- Task to complete -
The required output is an exact restatement of the lines, starting with the one that contains "Митрополит Феогност поздравил" and finishing with the last line of the listing. It contains no pictures.

- Data excerpt -
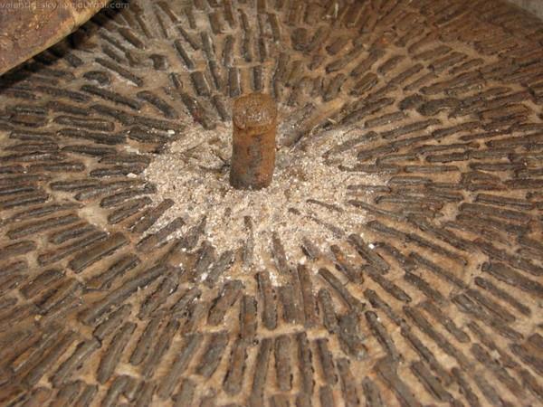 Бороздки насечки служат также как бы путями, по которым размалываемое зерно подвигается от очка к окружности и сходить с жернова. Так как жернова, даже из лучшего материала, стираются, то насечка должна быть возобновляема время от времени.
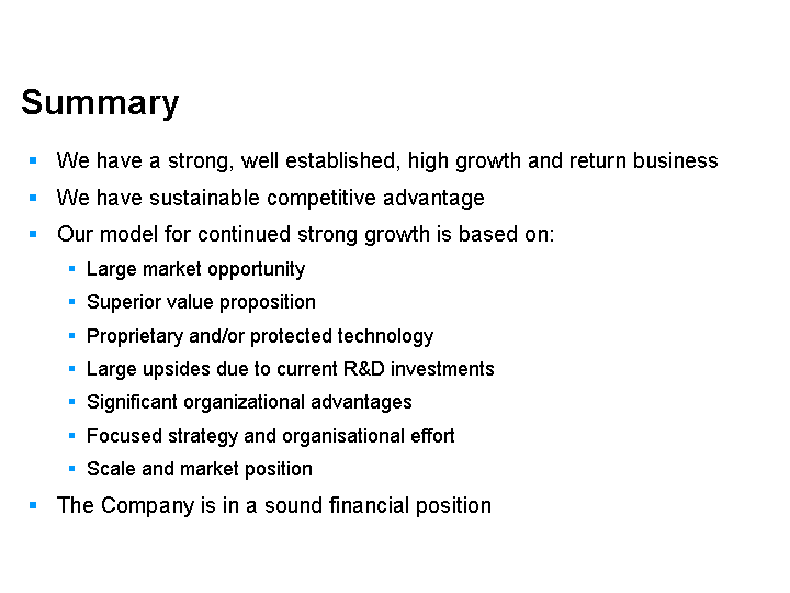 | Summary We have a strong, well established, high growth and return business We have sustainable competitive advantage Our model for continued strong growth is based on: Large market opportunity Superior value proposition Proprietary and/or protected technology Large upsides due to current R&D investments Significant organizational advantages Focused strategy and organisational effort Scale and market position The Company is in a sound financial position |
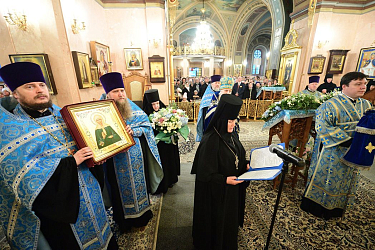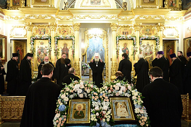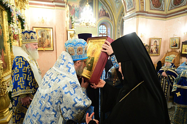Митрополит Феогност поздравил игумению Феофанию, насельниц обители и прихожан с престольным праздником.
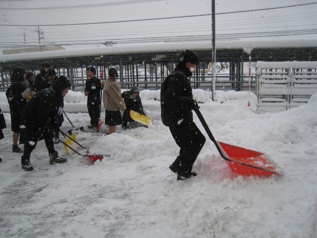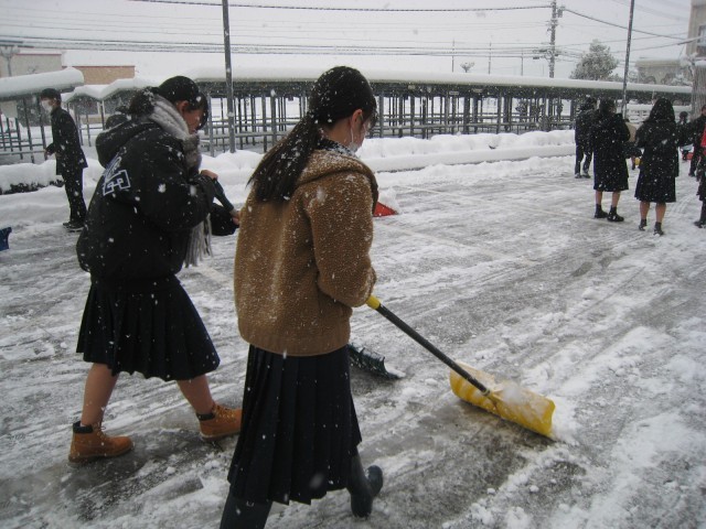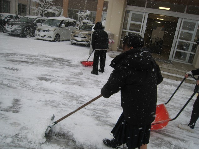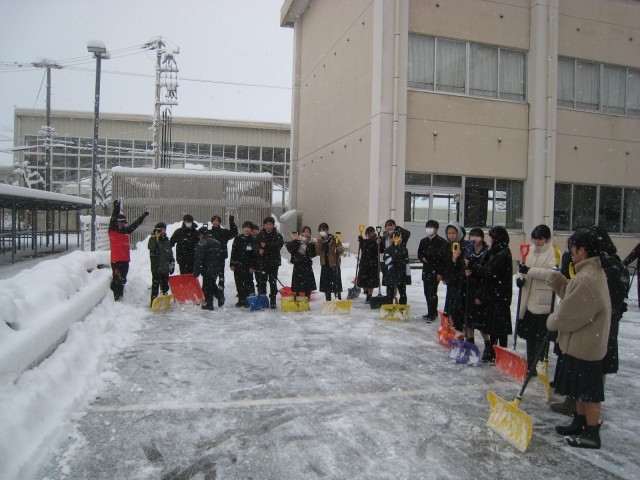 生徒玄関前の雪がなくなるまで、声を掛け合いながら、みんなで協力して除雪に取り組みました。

- Your response -
Митрополит Феогност поздравил игумению Феофанию, насельниц обители и прихожан с престольным праздником.
 生徒玄関前の雪がなくなるまで、声を掛け合いながら、みんなで協力して除雪に取り組みました。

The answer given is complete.